In clinical validation studies, Panorama demonstrated a sensitivity of greater than 99% when detecting common chromosomal abnormalities such as trisomy 21, trisomy 18, and trisomy 13; and 92% when detecting monosomy X.The test also demonstrated a specificity of 100% with no false positives for all the syndromes tested, the company reports. The test uses fetal cell-free DNA found in maternal blood and works as early as 9 weeks gestation. Its clinical validation data was presented at the annual Society of Maternal Fetal Medicine Meeting on February 15.
Matthew Rabinowitz, PhD, CEO, Natera, says the test will be the first to screen for sex chromosome abnormalities in every sample. “We also recognize that there is more potential for this technology in new areas, and we look forward to broadly extending the full benefits of Panorama’s technology,” he says.
“Cell-free DNA testing has already significantly advanced the level of care for expectant mothers,” says professor Kypros Nicolaides, MD, director of the Fetal Medicine Foundation and the Harris Birthright Research Centre for Fetal Medicine at King’s College Hospital, London. “In our first study completed with Natera, I was pleased that the Panorama test was able to detect chromosomal abnormalities beyond trisomies 21, 18, and 13.”

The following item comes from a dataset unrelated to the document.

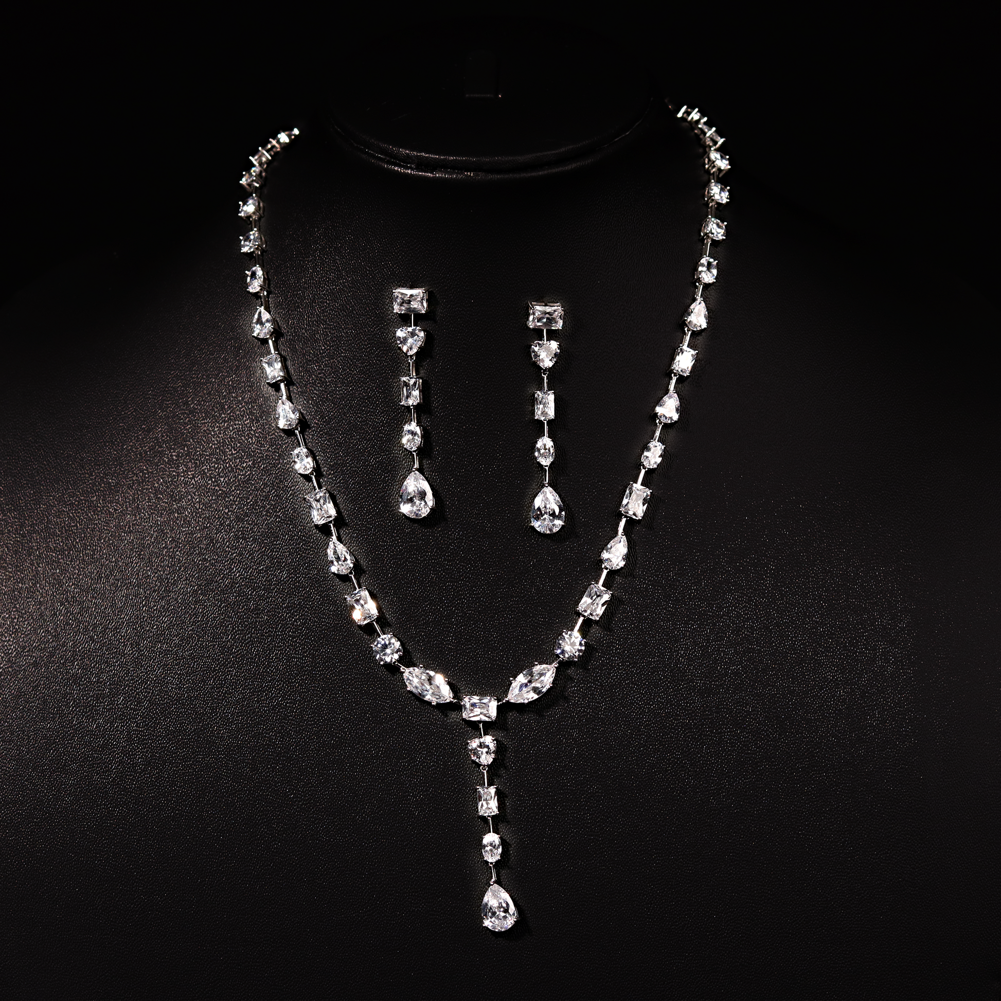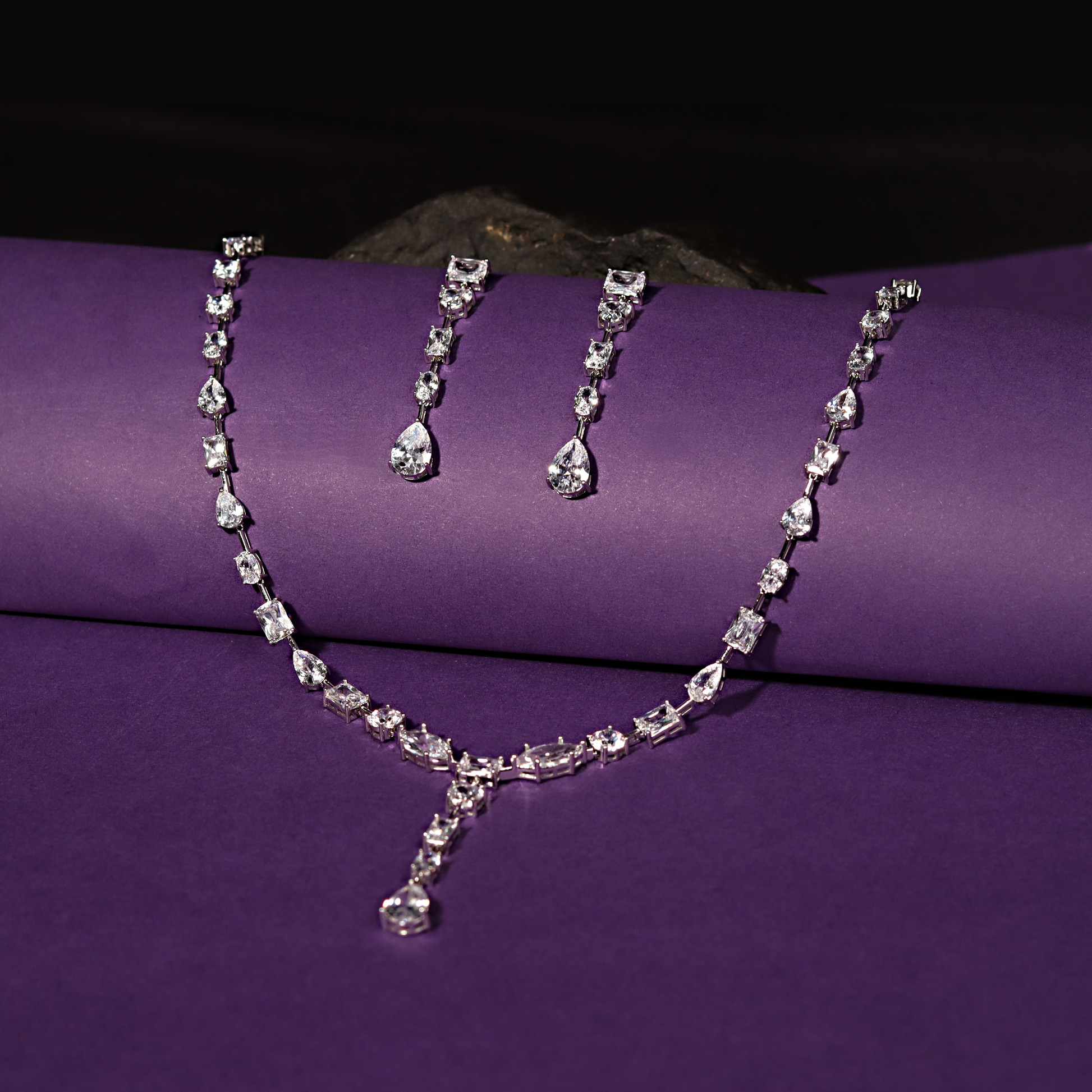 This 925 sterling silver tennis necklace and earring set by Viqso Jewels features meticulously set AAA+ zircon stones that offer unmatched sparkle and refinement. The continuous row of round-cut zircons on the necklace and the matching drop earrings create a cohesive, elegant aesthetic, perfect for both formal events and daily wear. Each piece is designed to ensure lasting beauty, making it a staple in your jewelry collection.
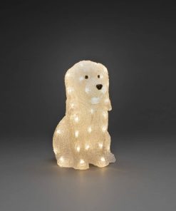 Sittande Hund akryl 40 varmvita LED 31cm 24V/IP44, fin att placera på trappan eller balkongen, skapar fint sken.

Panorama’s technology analyzes, in a single reaction, 19,500 single nucleotide polymorphisms (SNPs), which are the most informative portions of an individual’s DNA, according to the company. It uses the NATUS [Next-generation Aneuploidy Testing Using SNPs] algorithm, an advanced version of Natera’s proprietary informatics. Panorama has been validated globally and is currently being evaluated in several other clinical trials for the detection of genetic disorders, including trisomy 21, trisomy 18, trisomy 13, monosomy X, XXY, XYY, XXX, and triploidy. The test uses a simple blood draw from the mother and can be performed within the first trimester of pregnancy, as early as 9 weeks, without any risk to the fetus.